書類の束がたおれ、ただでさえ散らかった床のうえに広がる。気にしたようすもなく、フレデリックは木の箱を引っぱりだしてきた。
「あったあった。こいつだ」
ふう、と埃を吹き飛ばし、じぶんでむせている。
「こいつを使うといい。エジソン氏がじぶんで発明した、新式の手帳だそうだ」
渡されたのは、小ぶりな聖書ほどの大きさの手帳だ。
なめした革をつなぎ合わせた、旅行鞄のような見た目をしている。表紙にはベルトが付けられ、ページが勝手にひらかないように留められていた。表紙を開けてみると、ちょうど背表紙のところにぴかぴかとした金属部品がとりつけられている。金属部品からはいくつかの輪っかが突き出ていて、そこで紙をはさんでいるようだ。

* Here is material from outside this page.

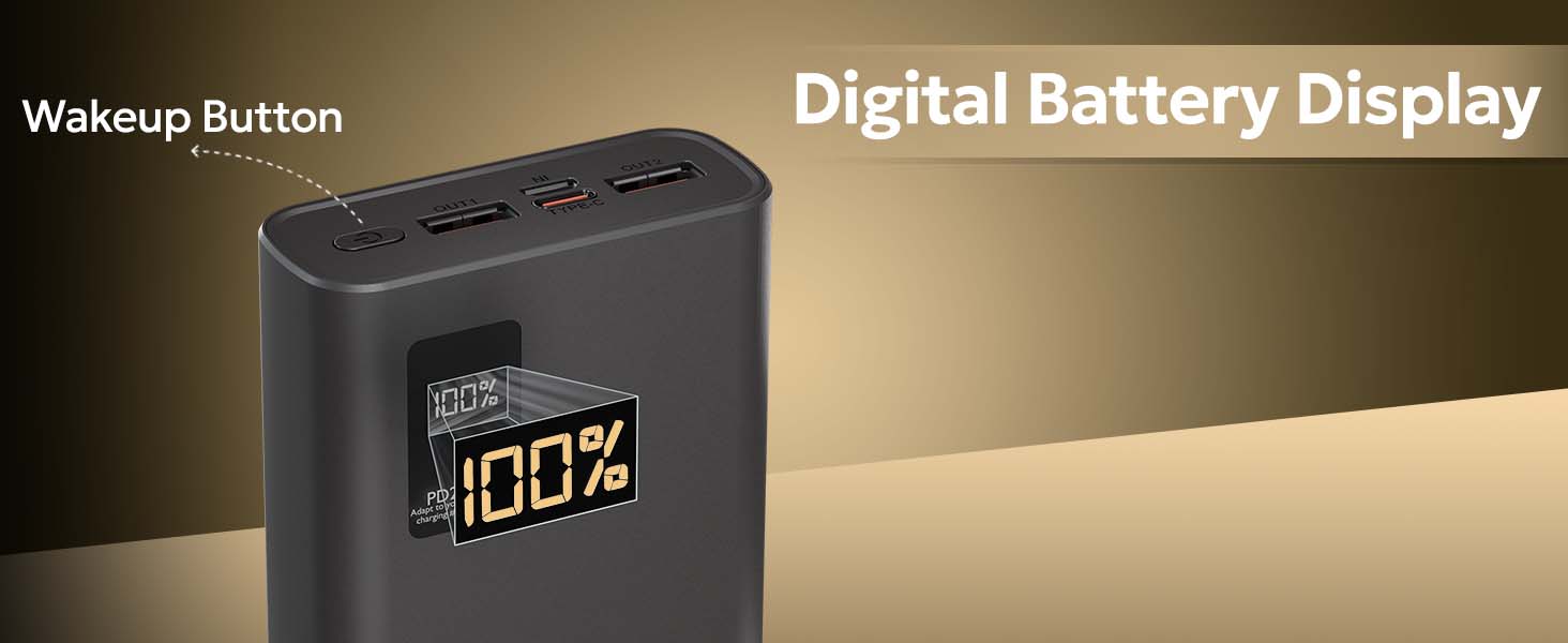 - Smart digital LED display shows exact battery percentage from 0–100%.

ぱらぱらと、ページをめくる。はさまれた紙には輪っかのおおきさとおなじ穴が空けられていて、一ページ一ページが、きちんとめくれるようになっていた。
「いいだろ、これ。
エジソンが発明のアイデアを書き留めるために工夫したんだそうだ。紙は入れ替えられるから、ページがなくならない。はみ出た紙は紐でくくってボール紙の表紙を付けりゃ、保存しておけるしな」
「もらっていいの? こんなにいいもの……」
「構わんさ。便利なこたァ分かるんだが、俺ァ筆無精だからよ。二、三日持ち歩いて、それっきりになってた。
この部屋で埃かぶってるよりゃ、こいつも本望だろ」
まとめて手渡された鉛筆のひと束といっしょに、手帳を持ちかえった。
じぶんのものを持つのは、考えてみればはじめてだった。うれしくて、寝台で抱えて眠った。
眠るのは、共同寝室だ。
就眠時間は夜の十時とさだめられている。希望するなら起きていてかまわないが、まわりはすでにまどろみのなかにいるから、ランプを持ってくるのはためらわれた。

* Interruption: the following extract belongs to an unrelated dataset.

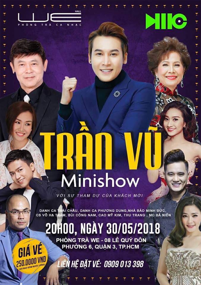 Minishow Trần Vũ sẽ diễn ra vào tối 30/5 tại phòng trà WE, TP.HCM. Dàn khách mời góp mặt là những người tiền bối, đồng nghiệp thân thiết với Trần Vũ: danh ca Thái Châu - Phương Dung, quán quân "Hãy nghe tôi hát" Võ Hạ Trâm, Bùi Công Nam, Cao Mỹ Kim, Thu Trang, nhà báo Minh Đức và MC Bá Niên.

暗やみのなかでどうにか手帳や聖書をひらけないかと試行錯誤したすえ、ようやく共同寝室を出ることに思いいたった。
まだ明るい部屋をもとめて、主要駅のあちこちを行き来した。
ようやく、灯火がうっすらと漏れている扉を見つけた――図書室だ。
おどろいた。
世のなかに、これほどおおくの本があるなんて。
本といえば、聖書か年鑑しか、わたしは知らなかった。旦那さまは書斎に数おおくの蔵書を揃えていたものだったが――この図書室に収められている本の数は、それを数十倍してなおあまりあるだろう。

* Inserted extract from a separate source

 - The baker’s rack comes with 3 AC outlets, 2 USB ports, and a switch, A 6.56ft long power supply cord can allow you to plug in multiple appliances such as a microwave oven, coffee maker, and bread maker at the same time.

すきまなく棚に詰め込まれた背表紙のならびを見ていると、目まいがした。
聖書の一ページを読むのに四苦八苦して数日をついやしているというのに、世のなかにはまだ、これだけの本が残されている。いかに時間をつぎこんだところで、わたしはここに並ぶ本の十分の一だって読めないのだ。
いまのじぶんがやっている勉強は、なんとむなしいものだろう。
ひとの生涯とは、なんと短いものだろう。